Input for this task Block Start

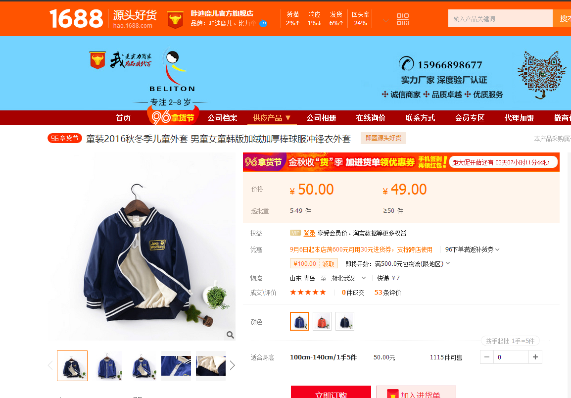 看起来这个产品还不错,我们来看看卖家的资质,点进去看了以后,发现这个卖家的货品种类非常多,价位区间不小,而且模特也不是同一个人,那么通过这几点我们就可以判断出来,这是一个分销商而不是厂家,他也是到很多地方拿货,然后去卖赚取一个差价的,那这样的供货商,我们就不考虑了。我们在选择货源的时候要选择供应产品统一的供货商,而供货产品是否统一,就从模特是否统一,产品款式是否统一还有产品价格区间大不大这三个点去进行考查。
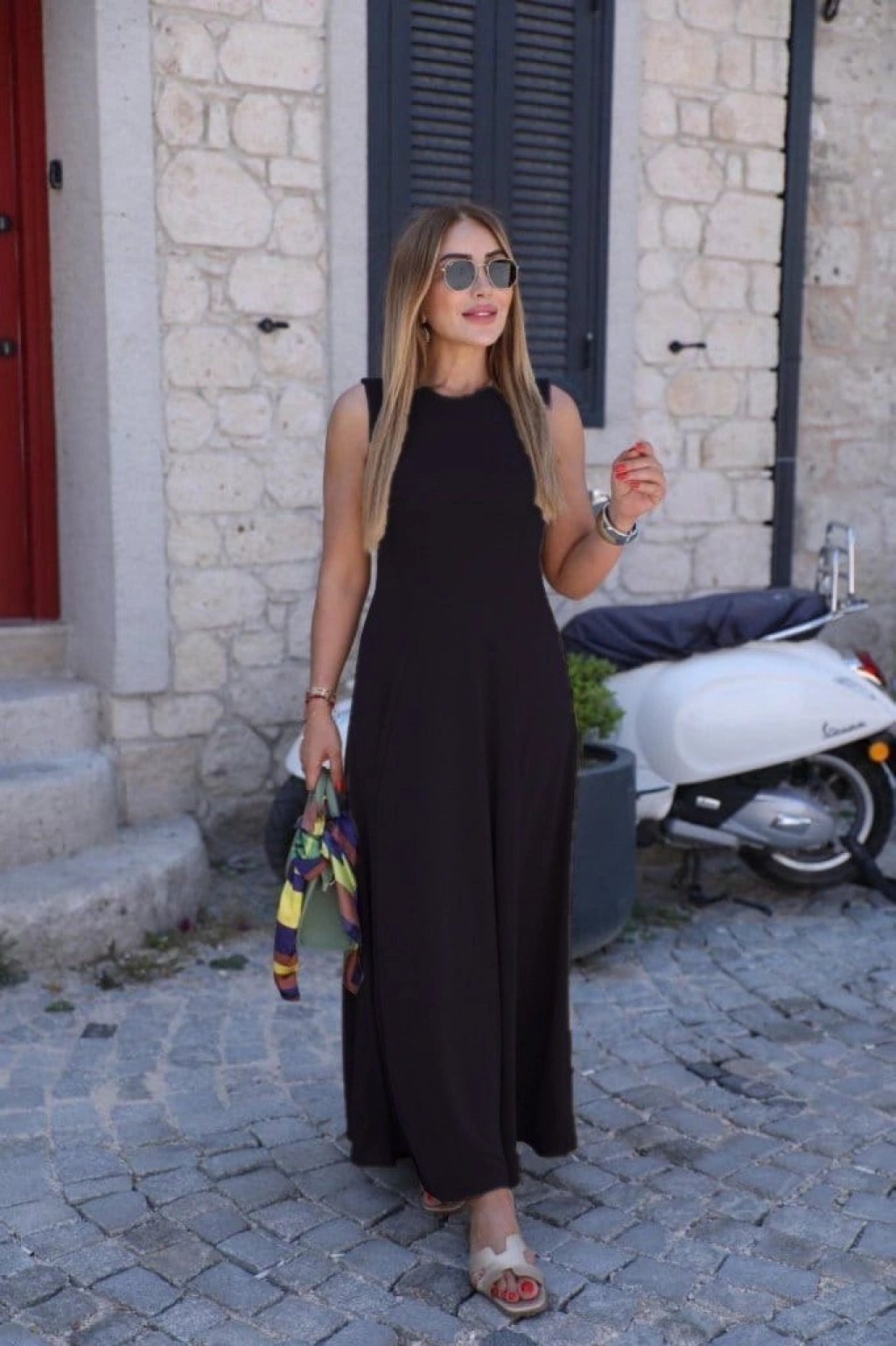Kadın Sıfır Kollu Bisiklet Yaka Viskon Elbise
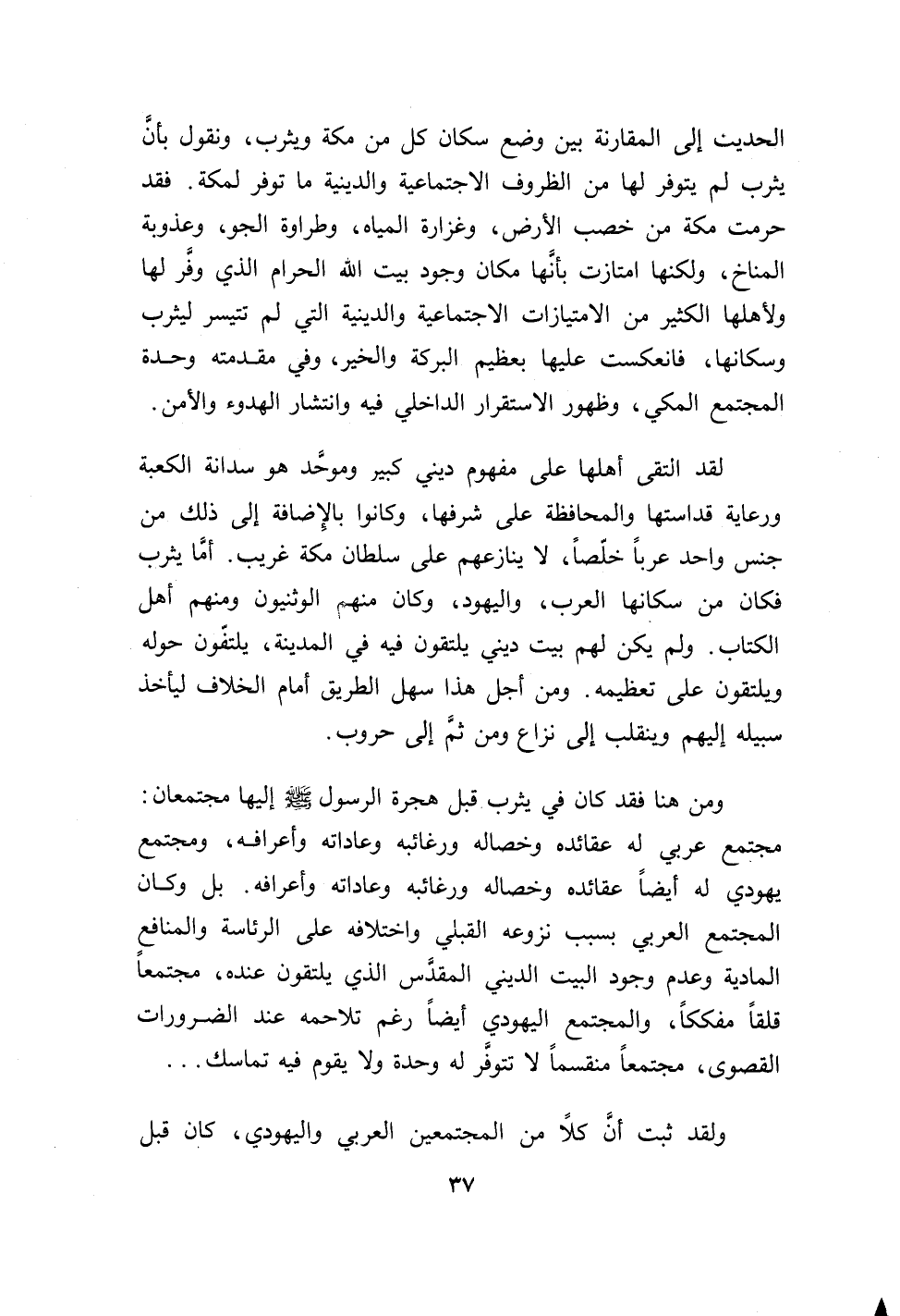 37…الحديث إلى المقارنة بين وضع سكان كل من مكة ويثرب، ونقول بأن يثرب لم يتوفر لها من الظروف الاجتماعية والدينية ما توفر لمكة.
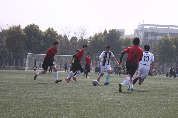随着哨声响起,各队球员配合跑动起来,活力十足,正如这宜人的天气,球赛进行的十分顺利,1701的学长们以6:1的成绩赢得比赛。1604与1703则是0:0打平。
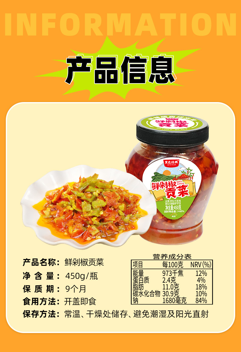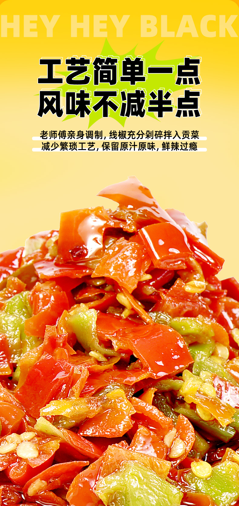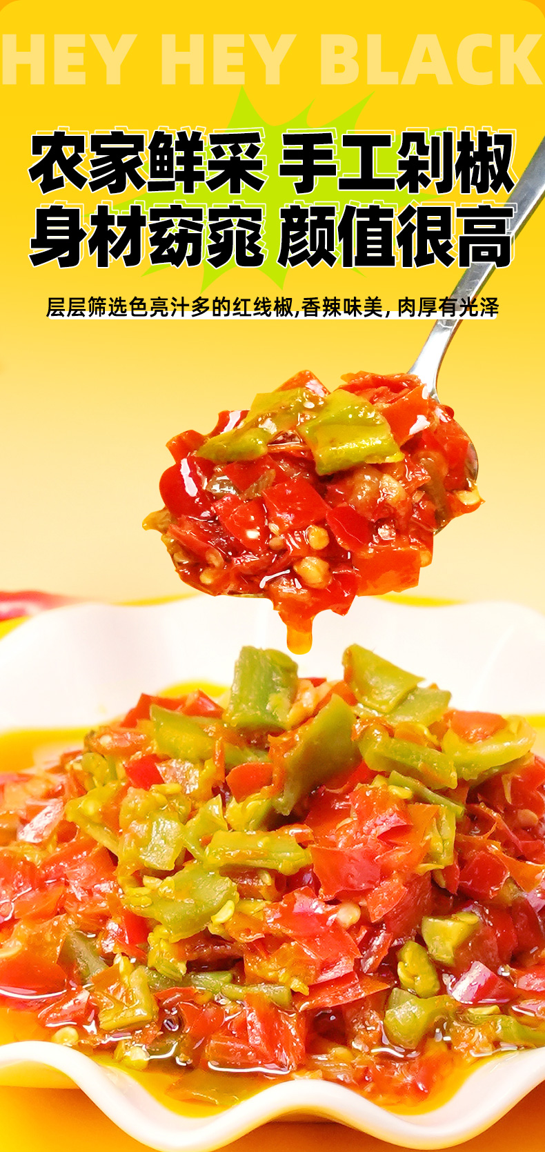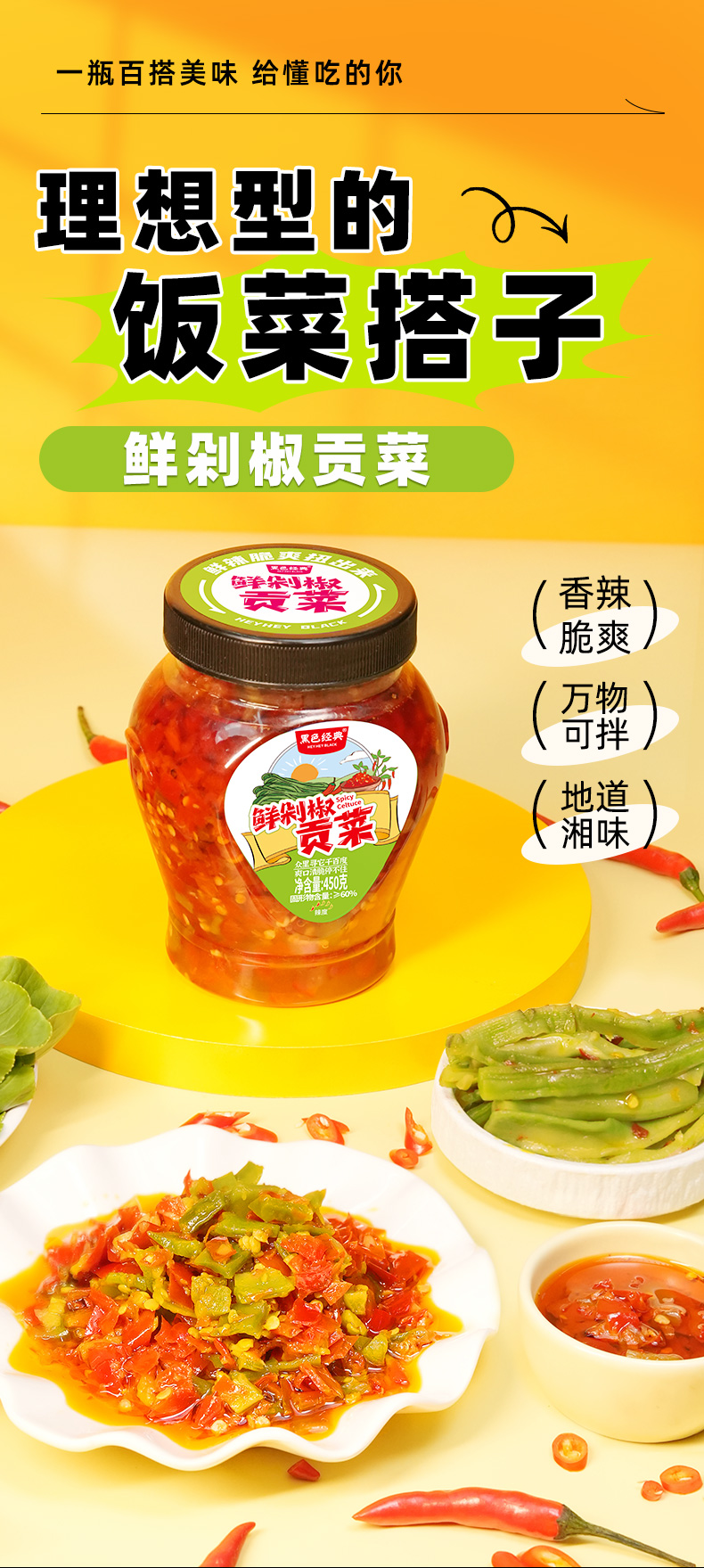 【57.6元任选3件】黑色经典鲜剁椒贡菜450g/瓶 地道湘味 爽口清脆拌饭拌菜百搭

Input for this task Block End

Please write the data out again exactly, but do not carry over the pictures.

 看起来这个产品还不错,我们来看看卖家的资质,点进去看了以后,发现这个卖家的货品种类非常多,价位区间不小,而且模特也不是同一个人,那么通过这几点我们就可以判断出来,这是一个分销商而不是厂家,他也是到很多地方拿货,然后去卖赚取一个差价的,那这样的供货商,我们就不考虑了。我们在选择货源的时候要选择供应产品统一的供货商,而供货产品是否统一,就从模特是否统一,产品款式是否统一还有产品价格区间大不大这三个点去进行考查。
Kadın Sıfır Kollu Bisiklet Yaka Viskon Elbise
 37…الحديث إلى المقارنة بين وضع سكان كل من مكة ويثرب، ونقول بأن يثرب لم يتوفر لها من الظروف الاجتماعية والدينية ما توفر لمكة.
随着哨声响起,各队球员配合跑动起来,活力十足,正如这宜人的天气,球赛进行的十分顺利,1701的学长们以6:1的成绩赢得比赛。1604与1703则是0:0打平。
 【57.6元任选3件】黑色经典鲜剁椒贡菜450g/瓶 地道湘味 爽口清脆拌饭拌菜百搭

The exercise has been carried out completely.